El adiós fue soso. A las siete y cuarto de la tarde entraron 60 personas a ver alguna de las películas. A las diez y cuarto, no fueron más de 30. El cine murió sin pena ni gloria. Después del verano, según fuentes de la empresa, es probable que empiecen las obras que convertirán sus casi 4.000 metros cuadrados en un auditorio, aunque los compradores, la Fundación Caja Madrid, y los propietarios, con el constructor valenciano Juan Bautista Soler a la cabeza, aún están pendientes de una última reunión, el próximo lunes, para cerrar definitivamente la compra. Cuánto pagará la Fundación Caja Madrid por los cines es una incógnita que nadie quiere desvelar. Los Soler aún son propietarios de los cines Acteón, de los Morasol y de los teatros Amaya.

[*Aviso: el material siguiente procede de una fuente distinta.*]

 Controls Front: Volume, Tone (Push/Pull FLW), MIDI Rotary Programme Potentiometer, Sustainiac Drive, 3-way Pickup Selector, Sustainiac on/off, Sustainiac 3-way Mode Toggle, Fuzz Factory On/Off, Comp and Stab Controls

Desde que naciera, en 1924, han pasado ya 84 años por el Palacio de la Música. En ese tiempo se han forjado historias personales profundas. Como la de los 13 trabajadores (ocho acomodadores, dos operadores y tres taquilleras), que son una pequeña familia.

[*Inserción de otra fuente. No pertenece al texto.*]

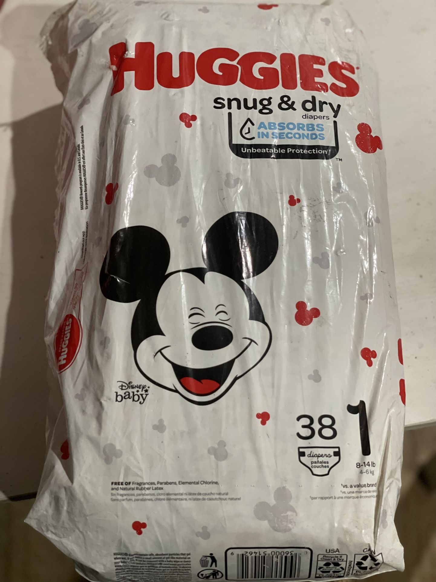 Pack of Huggies snug and dry diapers size 1..pack has 38 ct

Ellos fueron ayer los que más homenajearon al vetusto edificio. Se plantaron, cámara en mano, incluso los que ya no trabajan ahí, para retratarse en él. Pero faltó David, que lleva, literalmente, la mitad de su vida trabajando en el Palacio de la Música. Tiene 34 años y empezó en el cine a los 17. Él sabe cómo funciona todo, pero, más que nada, los cinematógrafos."El de la tres es como en Cinema Paradiso, tienes que estar pendiente para que no te salte porque entonces se te enreda toda la cinta", explica. El resto son automáticas. David tiene mucho apego al Palacio. Entró a trabajar porque su padre tiene un bar al lado y conocía al encargado. En el cine se crió, y también en él conoció a la que es hoy su mujer. Ella era la taquillera; David, el acomodador. Precisamente por eso ayer no quiso asistir a la última sesión. "Menos mal que estaré de vacaciones, porque fijo que me pongo a llorar", explicó unas semanas antes de la última sesión.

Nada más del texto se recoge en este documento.